PROBLEM REQUIREMENTS:
Return all the data exactly, keeping the pictures out.

AVAILABLE DATA:

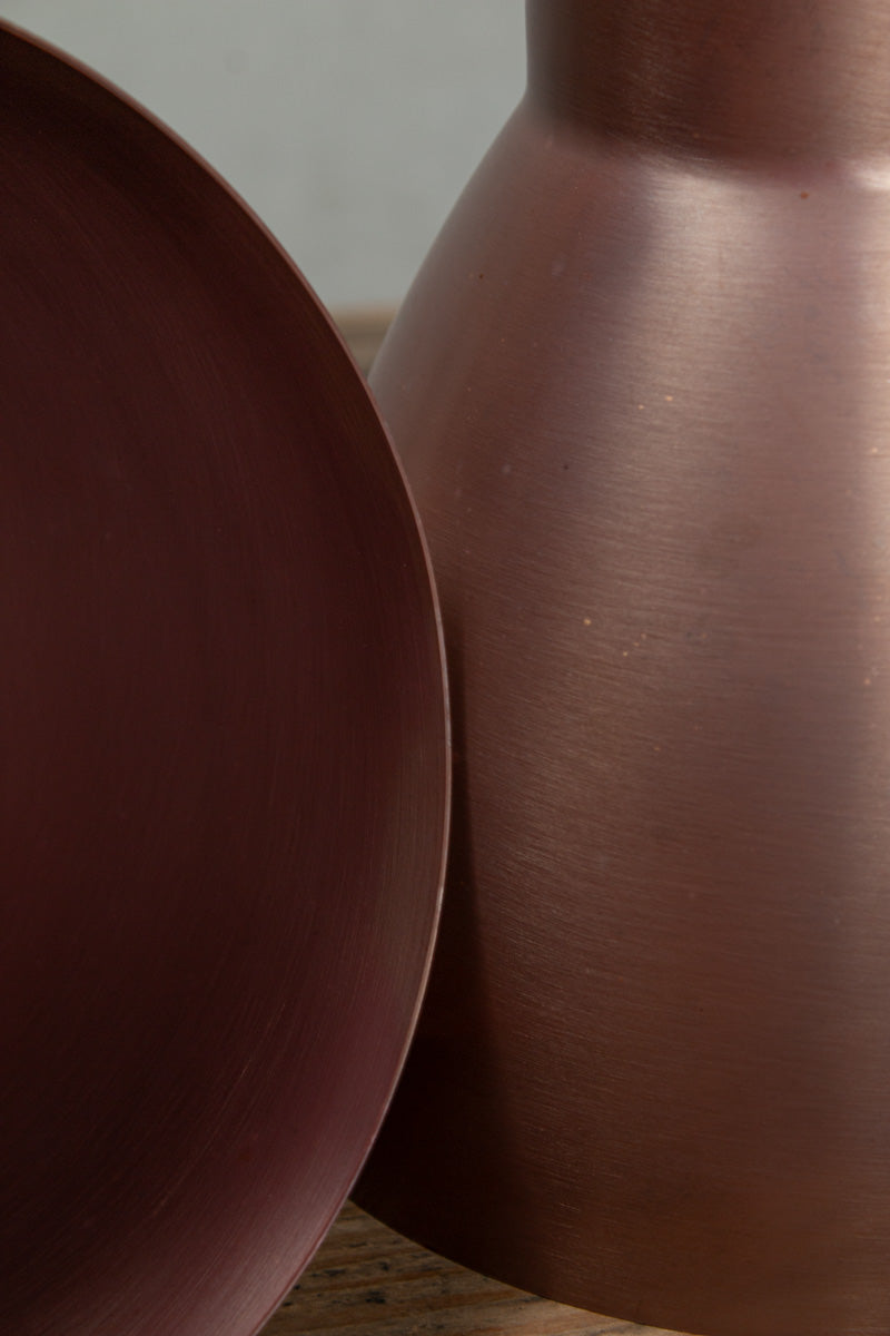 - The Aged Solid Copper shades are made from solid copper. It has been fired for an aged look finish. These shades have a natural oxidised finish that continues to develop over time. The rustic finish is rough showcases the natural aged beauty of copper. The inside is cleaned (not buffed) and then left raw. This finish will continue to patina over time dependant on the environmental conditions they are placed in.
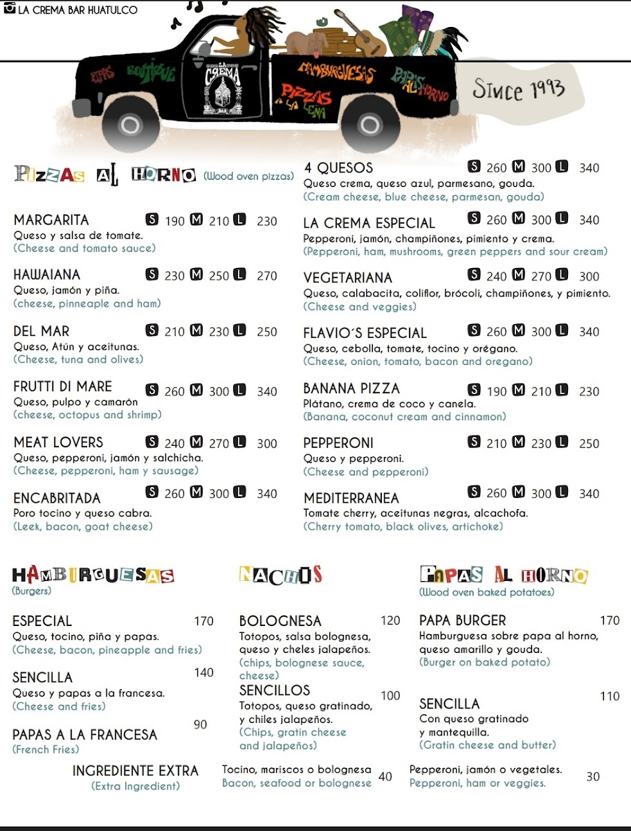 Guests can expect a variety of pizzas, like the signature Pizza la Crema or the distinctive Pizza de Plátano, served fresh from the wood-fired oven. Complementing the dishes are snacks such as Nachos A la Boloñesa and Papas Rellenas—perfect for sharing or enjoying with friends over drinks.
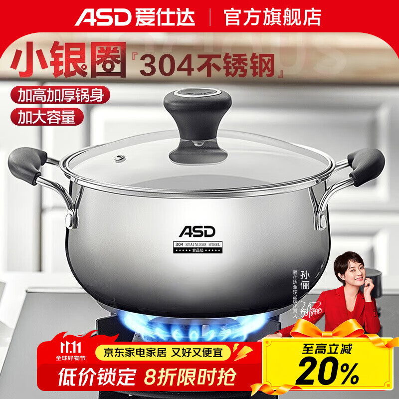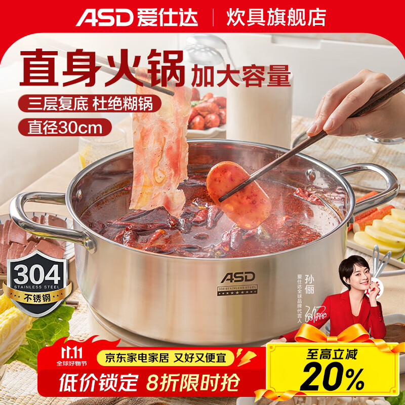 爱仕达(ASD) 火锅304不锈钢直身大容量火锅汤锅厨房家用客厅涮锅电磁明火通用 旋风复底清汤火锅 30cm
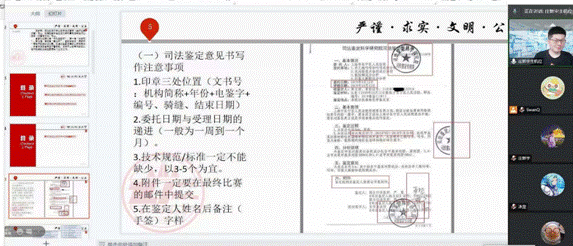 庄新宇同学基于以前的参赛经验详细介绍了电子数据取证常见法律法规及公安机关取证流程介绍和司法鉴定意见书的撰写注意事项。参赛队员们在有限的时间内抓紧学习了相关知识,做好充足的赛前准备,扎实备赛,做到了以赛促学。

ANSWER TO THIS PROBLEM:
 - The Aged Solid Copper shades are made from solid copper. It has been fired for an aged look finish. These shades have a natural oxidised finish that continues to develop over time. The rustic finish is rough showcases the natural aged beauty of copper. The inside is cleaned (not buffed) and then left raw. This finish will continue to patina over time dependant on the environmental conditions they are placed in.
 Guests can expect a variety of pizzas, like the signature Pizza la Crema or the distinctive Pizza de Plátano, served fresh from the wood-fired oven. Complementing the dishes are snacks such as Nachos A la Boloñesa and Papas Rellenas—perfect for sharing or enjoying with friends over drinks.
 爱仕达(ASD) 火锅304不锈钢直身大容量火锅汤锅厨房家用客厅涮锅电磁明火通用 旋风复底清汤火锅 30cm
 庄新宇同学基于以前的参赛经验详细介绍了电子数据取证常见法律法规及公安机关取证流程介绍和司法鉴定意见书的撰写注意事项。参赛队员们在有限的时间内抓紧学习了相关知识,做好充足的赛前准备,扎实备赛,做到了以赛促学。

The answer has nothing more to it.